According to a news release, the agency is receiving an increase number of reports of adults posing as young girls coercing boys through social media to produce sexual images and videos, and then extorting money from the victims.
The FBI states that “sextortion begins when an adult contacts a minor over any online platform used to meet and communicate, such as a game, app, or social media account. In a scheme that has recently become more prevalent, the predator (posing as a young girl) uses deception and manipulation to convince a young male, usually 14 to 17 years old, to engage in explicit activity over video, which is then secretly recorded by the predator.” Authorities say that the predator then reveals that they made recordings and attempts to extort the victim for money in order to prevent the footage from being posted online.
The FBI warns that sextortion is a crime, and the coercion of a child by an adult to produce what is considered Child Sexual Abuse Material (CSAM) carries strong penalties, which can include up to life sentences for the offender.
“The most effective way to disrupt these criminals is through awareness, education, and having important discussions with your children about their online safety,” said Acting Special Agent in Charge W. Mike Herrington “Frightening young victims through social media and using the anonymity of the Internet to hide will never be tolerated by the FBI. Parents, please talk to your children about the dangers of the Internet and social media and make it clear to them that they are not to blame if they fall victim to a predator.

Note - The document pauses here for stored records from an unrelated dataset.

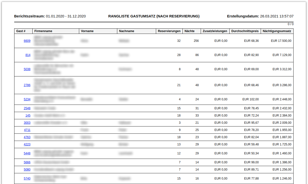 Im Bericht "Rangliste Gastumsatz (nach Reservierung)" werden alle Umsätze eines Gastes nach Reservierung (nicht nach Rechnung - gleiche Datenquelle wie Umsatzprognose) für einen bestimmten Zeitpunkt aufsummiert. Damit wird die Verhandlung von firmenspezifischen Raten für Stammkunden deutlich erleichtert, da man konkrete Daten vorliegen hat auf denen man eine Entscheidung treffen und auch argumentieren kann.
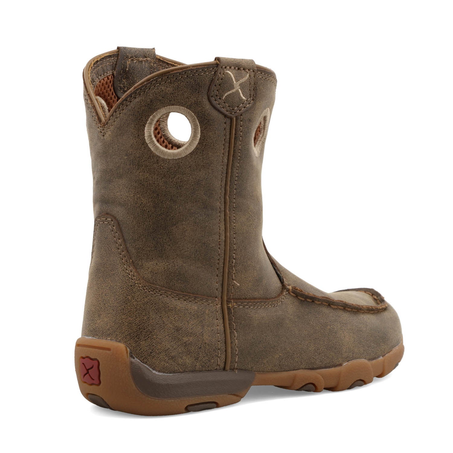 Always striving, never compromising. Twisted X is dedicated to making better boots and it shows. The Kid's Driving Moc Boot is a true Twisted X original! Handcrafted in full-grain leather, the driving moc boot makes an unforgettable statement about true comfort and style in casual footwear. Blending together a traditional pull-on boot profile, moc toe design and integrated comfort technology that provides timeless quality and style. The lightweight EVA footbed, three-quarter length composite insole, and the Twisted X driving moc outsole combine to produce one of the most comfortable casual shoes you can find. From a relaxing stroll to spending the entire day on your feet, our driving mocs will have you redefining comfort. Wear these cowboy boots with pride!
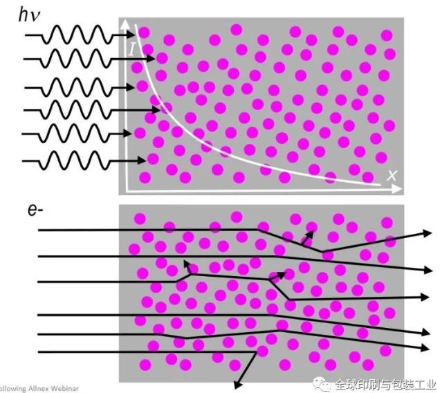 電子束固化是解決此問題的一種方法。在這些油墨中,交聯(lián)反應(yīng)是由高能電子而不是低能UV光子的相互作用引起的,這意味著不需要那些危害更大的光引發(fā)劑。如下所示,電子的滲透不受顏料沉積的影響,因此電子束非常適合高顏料涂料應(yīng)用,而更敏感的油墨可以通過調(diào)節(jié)電子能量來固化。在這兩種情況下,都可以實現(xiàn)極快的固化。
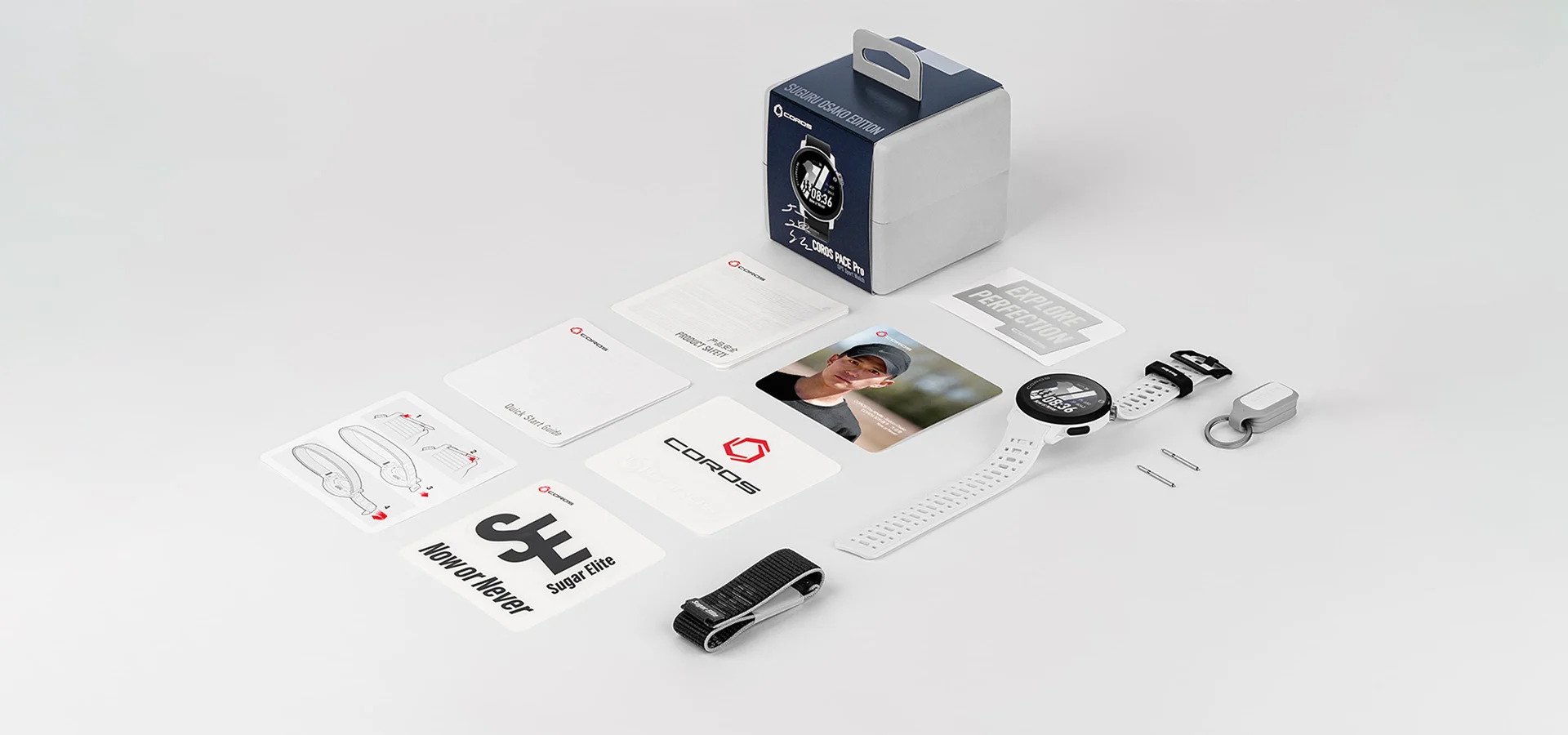 PACE Pro 大迫杰联名套装标配硅胶、织物 1+1 双表带。两条表带都印有 Now or Never 标语,织物表带上还带有 Sugar Elite 标识。 这不仅仅是一款联名手表,更是一个鼓励你拥抱「此刻」,感受「当下」的提示。
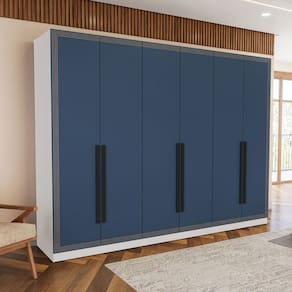 O(a) Guarda-Roupa Casal Valência 6 Portas 4 Gavetas Branco/Azul - Politorno é produzido em MDF e MDP na escala de brilho Semi-Fosco, e possui um grau de dificuldade de montagem: Médio.
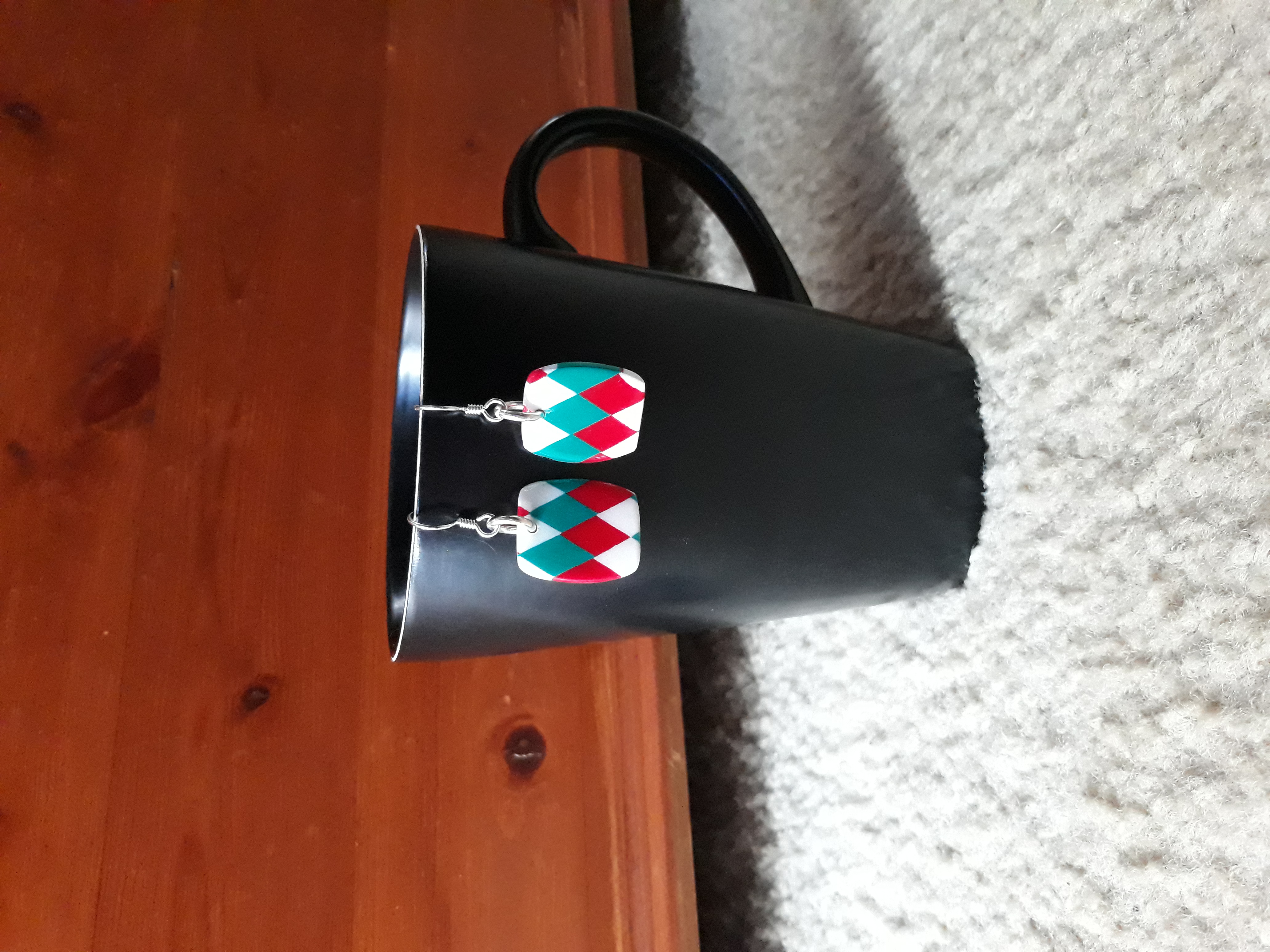 Red, green and white clay pieces together in a harlequin checkerboard pattern. Hung on sterling silver french hooks. Seal-coated with UV resin. Overall size is 1.5 inches (40 mm). These are dainty and very lightweight.
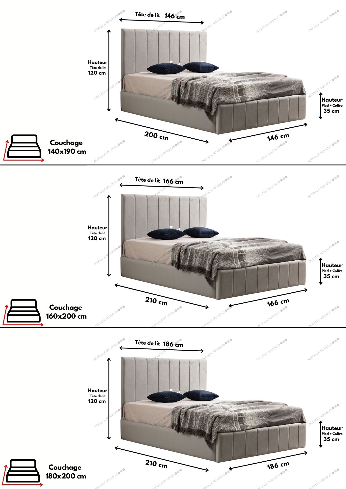 3 dimensions : 140x190 – 160x200 – 180x200
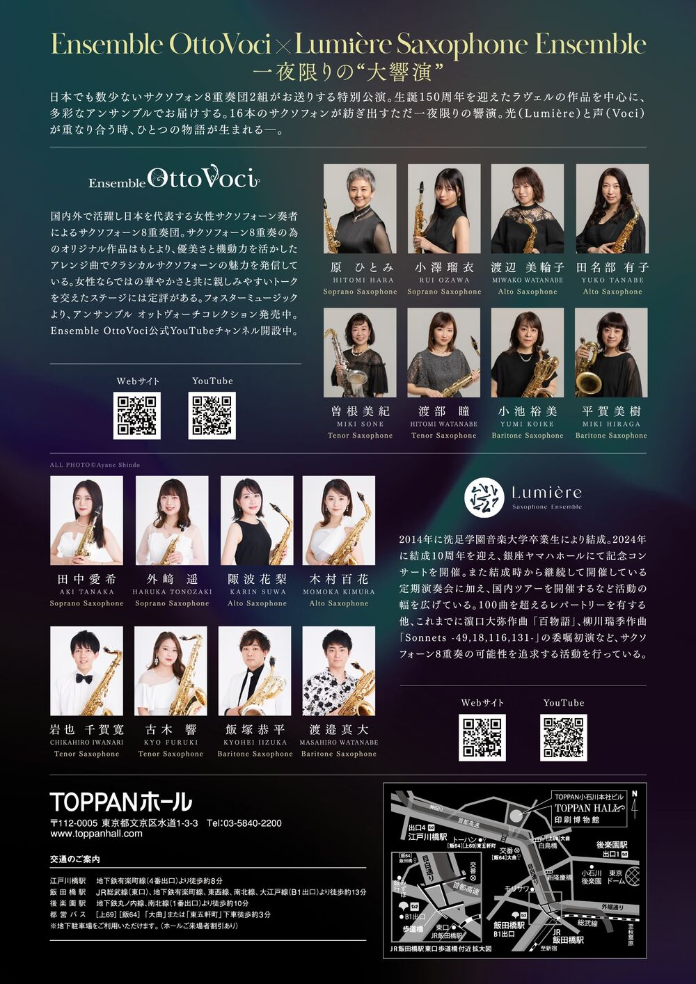 日本でも数少ないサクソフォン8重奏団体2組がお送りする特別公演。生誕150周年を迎えたラヴェルの作品を中心に、多彩なアンサンブルでお届けする。
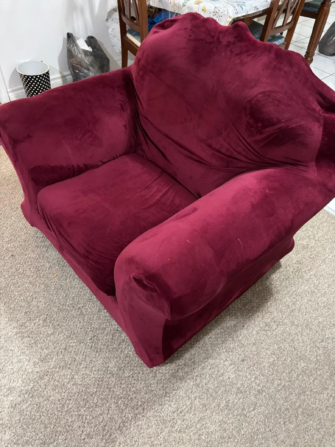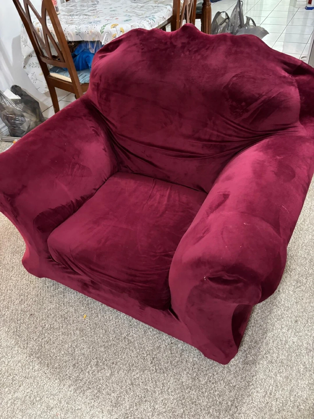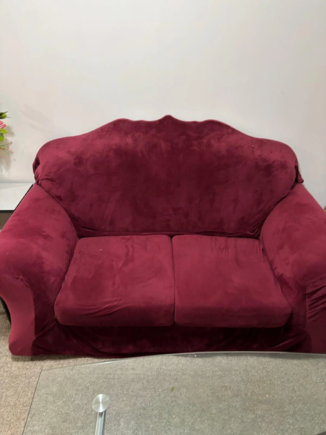 This burgundy velvet sofa offers a plush seating experience. It's designed with comfortable cushions and elegant rolled arms. Adds a cozy touch to any living space!

The FBI, along with our law enforcement partners are dedicated to ensuring children are protected from online predators.”
The FBI provided the below tips for parents and caregivers:
Tips to protect you and your children online:
- Be selective about what you share online, especially your personal information and passwords. If your social media accounts are open to everyone, a predator may be able to figure out a lot of information about you or your children.
- Be wary of anyone you encounter for the first time online. Block or ignore messages from strangers.
- Be aware that people can pretend to be anything or anyone online. Videos and photos are not proof that a person is who they claim to be.
- Be suspicious if you meet someone on a game or app and they ask you to start talking to them on a different platform.
- Encourage your children to report suspicious behavior to a trusted adult.
If you believe you or someone you know is the victim of sextortion:
- Contact your local FBI field office (contact information can be found at www.fbi.gov), the FBI’s Internet Crime Complaint Center (IC3) at www.ic3.gov, or the National Center for Missing and Exploited Children (1-800-the-lost or Cybertipline.org).
- Do not delete anything before law enforcement is able to review it.
- Tell law enforcement everything about the encounters you had online; it may be embarrassing, but it is necessary to find the offender.